In 2011, the entire company was purchased by Bazzini, an 1886-founded nut, fruit and chocolate company; a 2022 Jerusalem Post item wrote of "the now gone Barton's confectioners."

=="Centuries"==

The Jewish Chronicle newspaper wrote about Barton's in 2021 and added with more enthusiasm than historical precision that "Jewish entrepreneurs had been involved in the chocolate trade for centuries." Klein's family developed some of its expertise in an Austrian company named Altmann & Kühne, much of which relocated from pre-World War II Europe to the United States. By 1952 they had seven stores in Detroit.

Part of the company's 1950s and 1960s growth was due to competitions in Jewish schools among classes, competing for prizes for selling the most Barton's products. "Generations of Jewish children sold Barton's candies as fundraisers," which was in part fueled by Klein's involvement with "philanthropic activities ... promoting Orthodox Jewish education."

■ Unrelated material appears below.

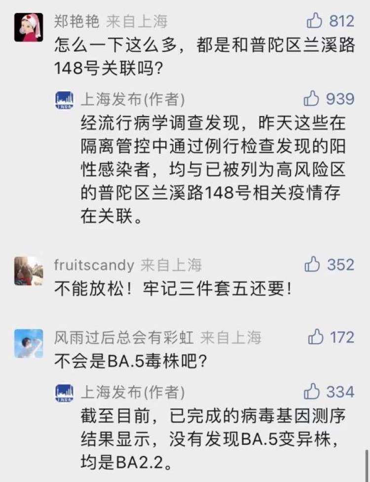上海有BA.5变异株吗?最新基因测序结果:均是BA2.2 陈里予 2022-7-07 来源:周到上海 上海有BA.5变异株吗? 7月6日(0-24时)上海新增本土确诊病例32例、本土无症状感染者22例,其中2例昨日已发布,其余均在闭环管控中发现。对此上海发布评论区网友提问:不会是BA.5毒株吧? 对此上海发布回应: 截至目前,已完成的病毒基因测序结果显示,没有发现BA.5变异株,均是BA2.2。 另外,经流行病学调查发现,昨天这些在隔离管控中通过例行检查发现的阳性感染者,均与已被列为高风险区的普陀区兰溪路148号相关疫情存在关联。 来源:周到上海 作者:陈里予 赞一个 (0)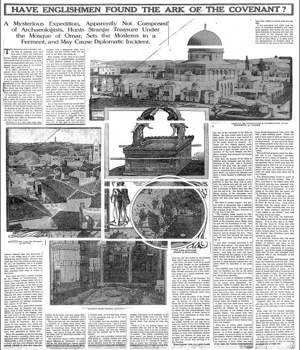 HAVE ENGLISHMEN FOUND THE ARK OF THE COVENANT? A Mysterious Expedition, Apparently Not Composed of Archaeologists, Hunts Strange Treasure Under the Mosque of Omar, Sets the Moslems in a Ferment, and May Cause Diplomatic Incident. (PDF)

It also helped that Barton's refused to water down the "mouth feel of chocolate" even as other companies were incorporating the use of synthetic ingredients in their products.

==Promotional Book of Esther scroll==
A cylinder containing a 4.5 inch scroll 1953-copyrighted Megillas Esther was distributed "throughout the 1950s and 60s with the same copyright date" with the container saying:
- Book of Esther in English, Megilas Esther in Hebrew
- Happy Purim
- Barton’s Bonbonnieres. The top of the cylinder had the words "Famous for Continental Chocolate."

==Recall==
The US Food and Drug Administration (FDA) praised the company's quick reaction in recalling about 4,000 two pound tins of fruitcakes when "a few samples" were found to have a problem; "most Barton's fruitcakes on the market were not contaminated."

==Kashrut==
While all Barton's products are kosher, not all of them are kosher for passover: some of them have flour ingredients. The Orthodox Union certification covers chocolate and candy items that are Pareve and dairy chocolate; they also supervise kosher-for-passover offerings. A 2-part article noted that
"even its Easter chocolates were kosher for Passover."

The Atlantic magazine wrote in 2009 that Barton's initially "rejected OU certification"
but yielded when faced with competition from Barricini.

==Corporation==
Former 2-term Congressman Herbert Tenzer was instrumental in helping the former Barton's Bonbonnieres expand, and served as chairman of the board of directors for two decades. Founder Stephen Klein's son George Klein became President/CEO in 1972.

The company founders' real estate interests and community involvement led to the company's pair of large buildings benefitting the City of New York's attempts to "emancipate Brooklyn from its commercial bondage to Manhattan."